§ **DIRECTIONS FOR THIS TASK**
Copy the records exactly, leaving out every picture.

Stored entries:
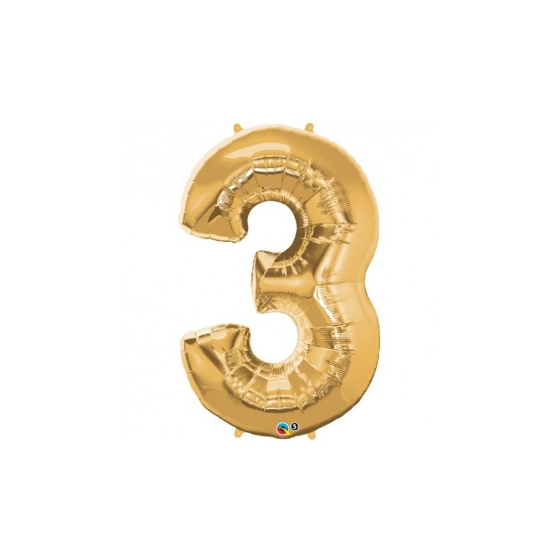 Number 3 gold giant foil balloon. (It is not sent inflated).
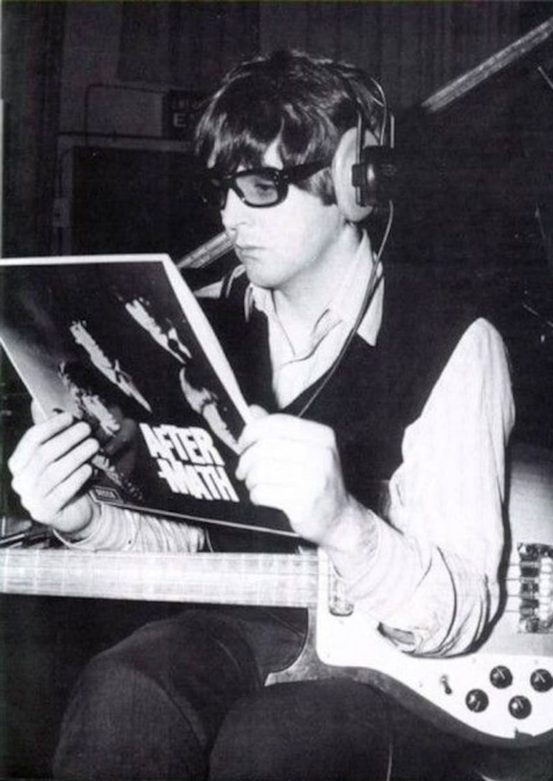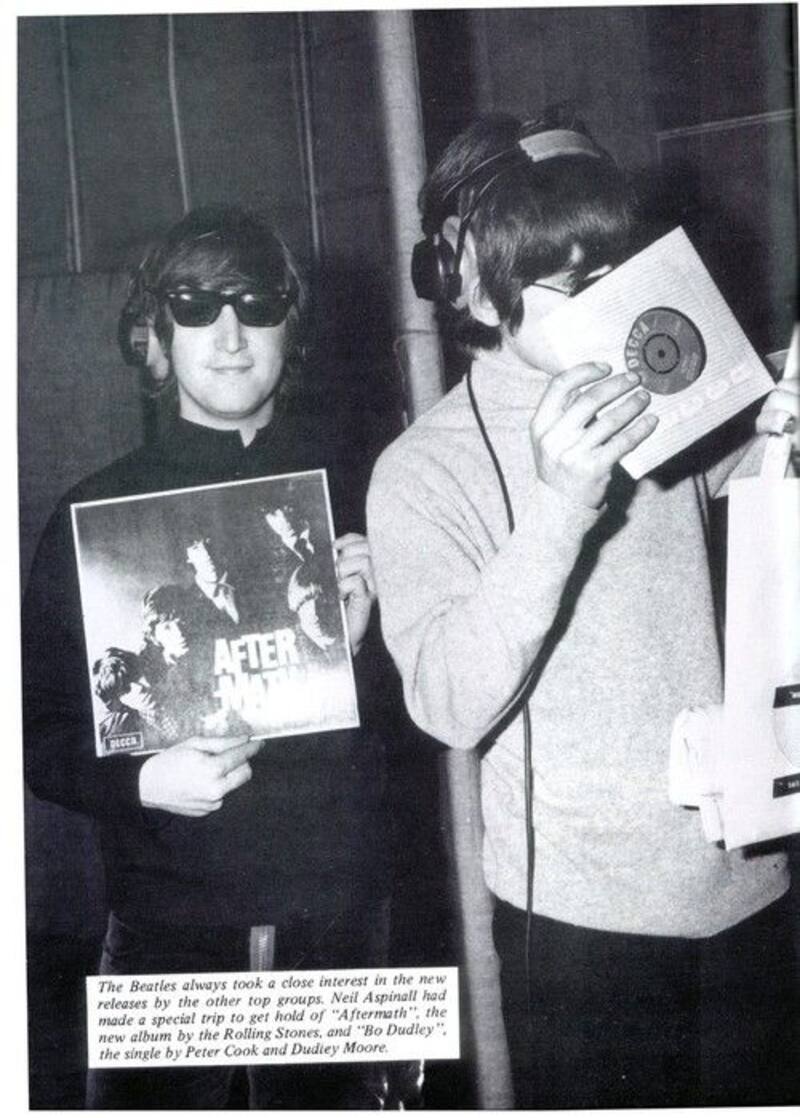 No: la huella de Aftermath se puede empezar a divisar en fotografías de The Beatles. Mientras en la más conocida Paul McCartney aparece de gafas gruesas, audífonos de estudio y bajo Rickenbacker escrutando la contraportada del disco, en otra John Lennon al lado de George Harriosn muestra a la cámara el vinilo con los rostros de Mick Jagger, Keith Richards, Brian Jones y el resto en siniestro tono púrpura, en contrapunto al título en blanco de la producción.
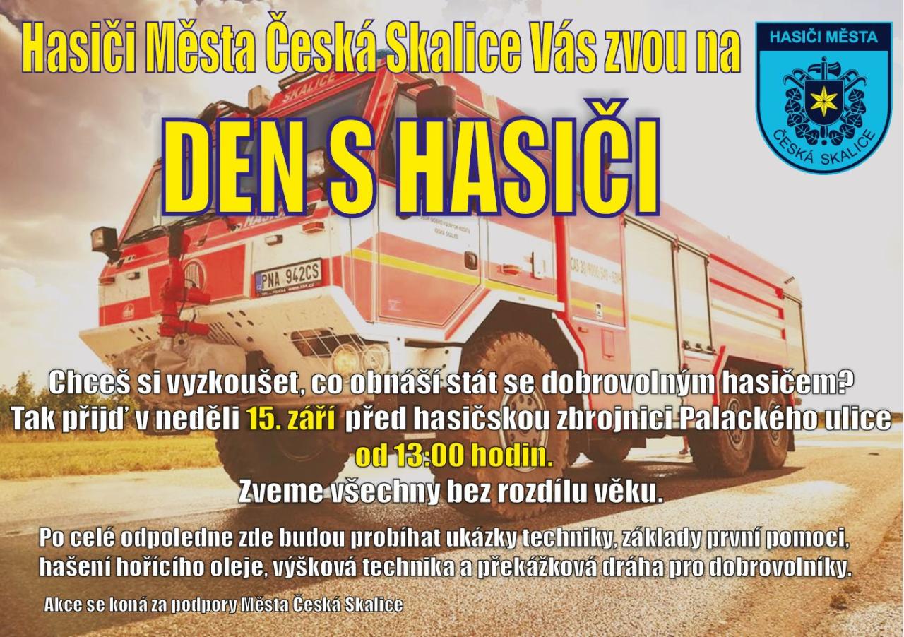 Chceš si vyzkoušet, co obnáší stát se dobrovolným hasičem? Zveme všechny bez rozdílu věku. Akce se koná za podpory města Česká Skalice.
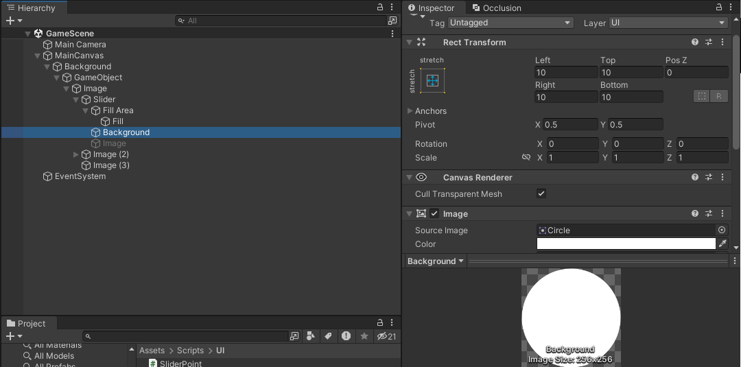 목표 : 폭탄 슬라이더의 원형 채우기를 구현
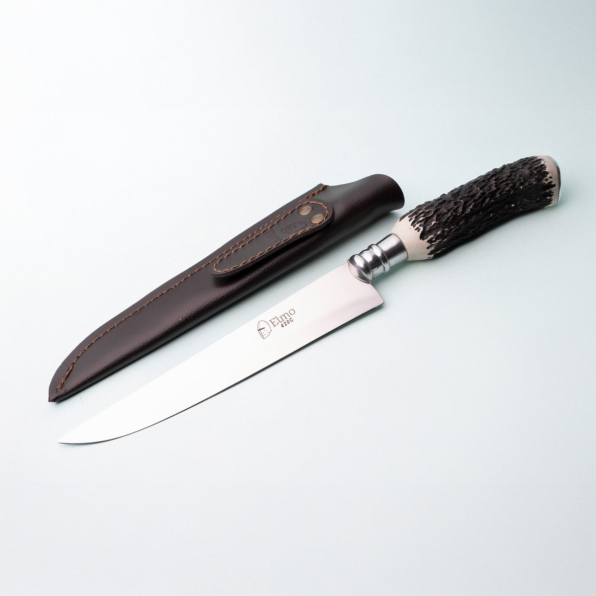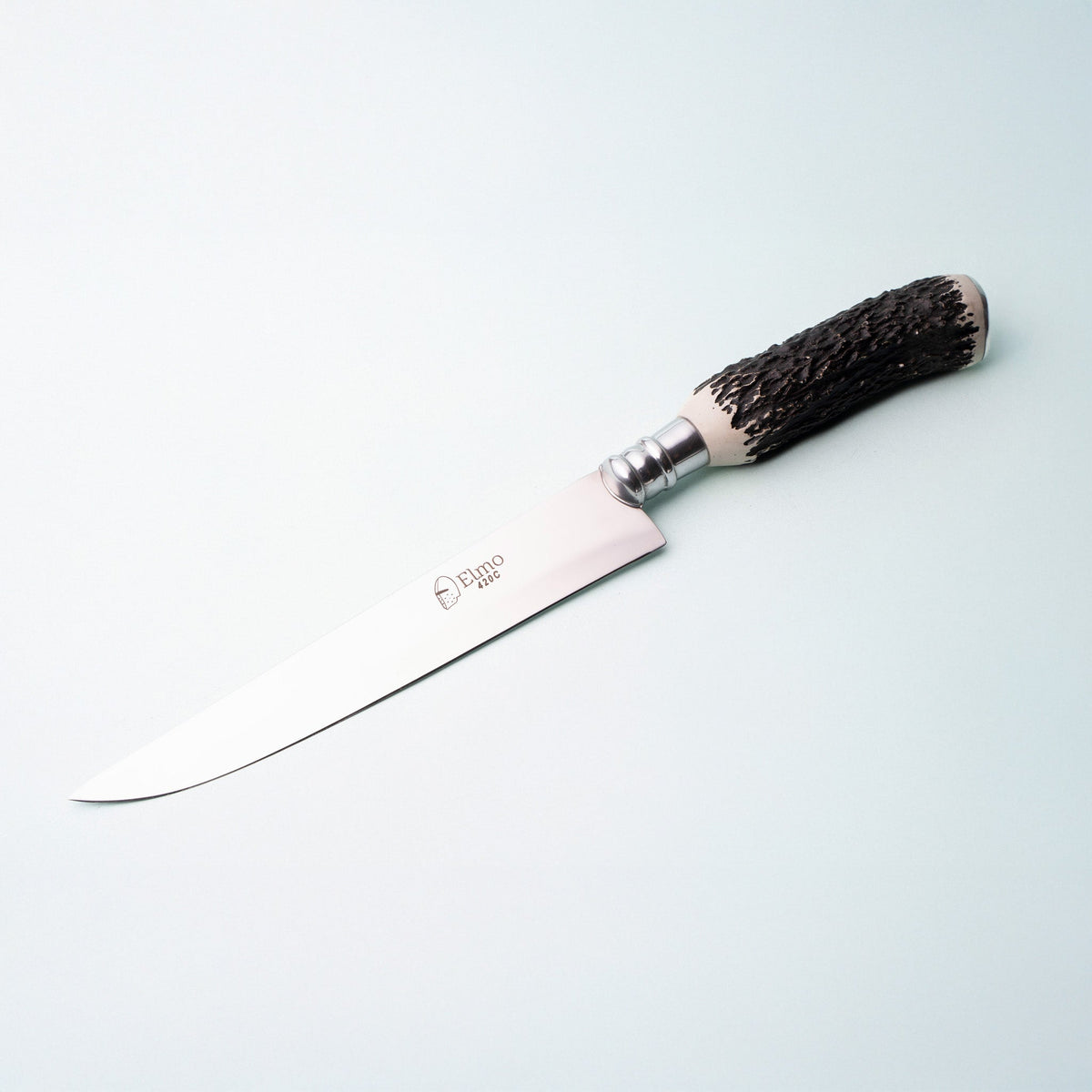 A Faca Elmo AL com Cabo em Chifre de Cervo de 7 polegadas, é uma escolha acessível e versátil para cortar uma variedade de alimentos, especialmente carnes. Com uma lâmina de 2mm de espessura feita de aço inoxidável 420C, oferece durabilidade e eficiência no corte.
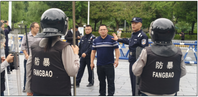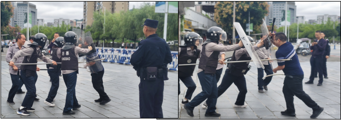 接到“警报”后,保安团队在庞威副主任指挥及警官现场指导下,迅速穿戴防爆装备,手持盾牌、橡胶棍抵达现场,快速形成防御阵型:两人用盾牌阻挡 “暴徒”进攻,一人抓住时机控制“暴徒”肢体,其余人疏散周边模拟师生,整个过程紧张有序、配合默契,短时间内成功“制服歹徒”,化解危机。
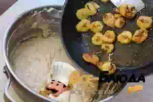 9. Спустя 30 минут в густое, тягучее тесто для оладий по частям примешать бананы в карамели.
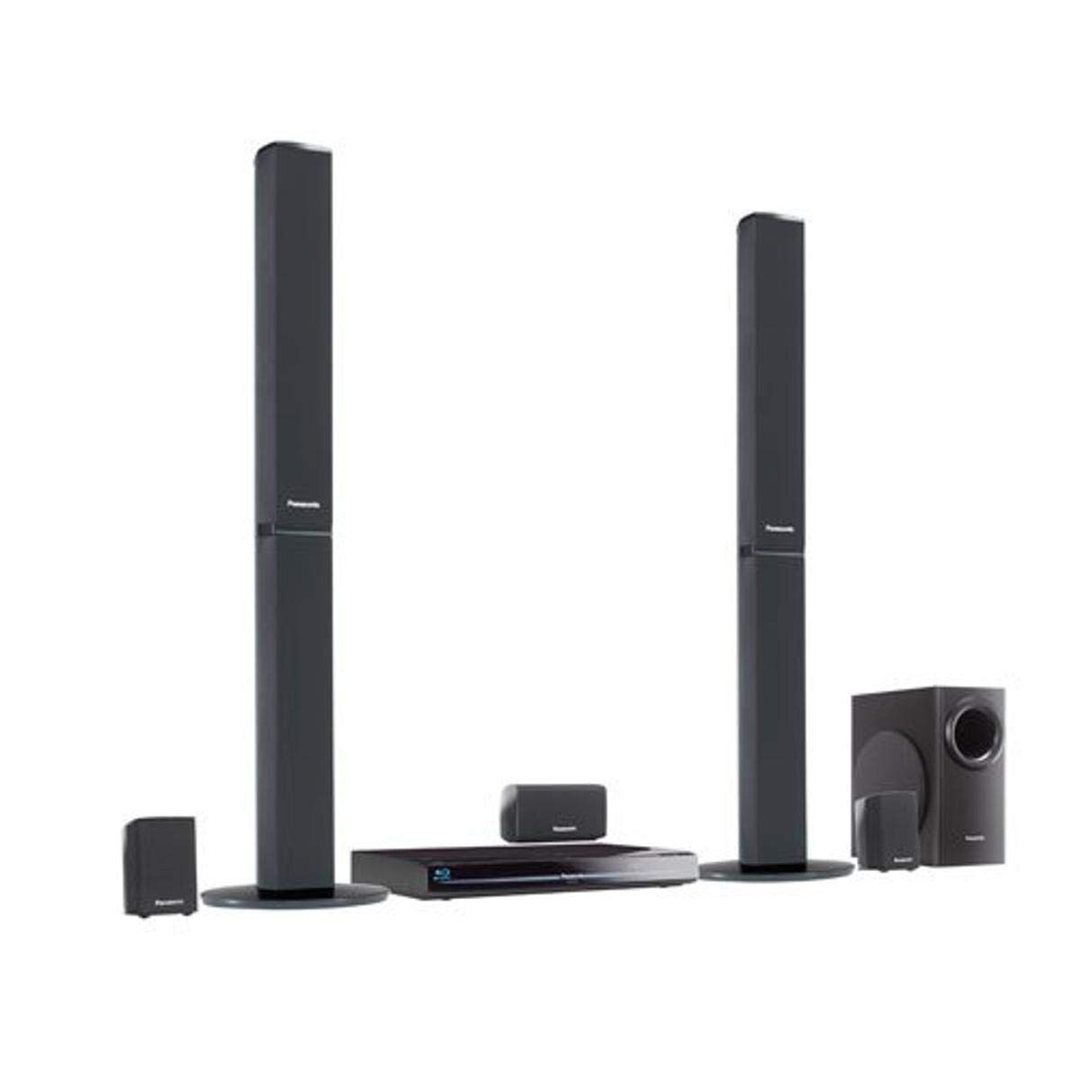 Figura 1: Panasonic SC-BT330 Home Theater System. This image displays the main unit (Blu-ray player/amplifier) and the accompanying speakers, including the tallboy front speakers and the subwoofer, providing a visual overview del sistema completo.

§ **ANSWER TO THE PROBLEM**
 Number 3 gold giant foil balloon. (It is not sent inflated).
 No: la huella de Aftermath se puede empezar a divisar en fotografías de The Beatles. Mientras en la más conocida Paul McCartney aparece de gafas gruesas, audífonos de estudio y bajo Rickenbacker escrutando la contraportada del disco, en otra John Lennon al lado de George Harriosn muestra a la cámara el vinilo con los rostros de Mick Jagger, Keith Richards, Brian Jones y el resto en siniestro tono púrpura, en contrapunto al título en blanco de la producción.
 Chceš si vyzkoušet, co obnáší stát se dobrovolným hasičem? Zveme všechny bez rozdílu věku. Akce se koná za podpory města Česká Skalice.
 목표 : 폭탄 슬라이더의 원형 채우기를 구현
 A Faca Elmo AL com Cabo em Chifre de Cervo de 7 polegadas, é uma escolha acessível e versátil para cortar uma variedade de alimentos, especialmente carnes. Com uma lâmina de 2mm de espessura feita de aço inoxidável 420C, oferece durabilidade e eficiência no corte.
 接到“警报”后,保安团队在庞威副主任指挥及警官现场指导下,迅速穿戴防爆装备,手持盾牌、橡胶棍抵达现场,快速形成防御阵型:两人用盾牌阻挡 “暴徒”进攻,一人抓住时机控制“暴徒”肢体,其余人疏散周边模拟师生,整个过程紧张有序、配合默契,短时间内成功“制服歹徒”,化解危机。
 9. Спустя 30 минут в густое, тягучее тесто для оладий по частям примешать бананы в карамели.
 Figura 1: Panasonic SC-BT330 Home Theater System. This image displays the main unit (Blu-ray player/amplifier) and the accompanying speakers, including the tallboy front speakers and the subwoofer, providing a visual overview del sistema completo.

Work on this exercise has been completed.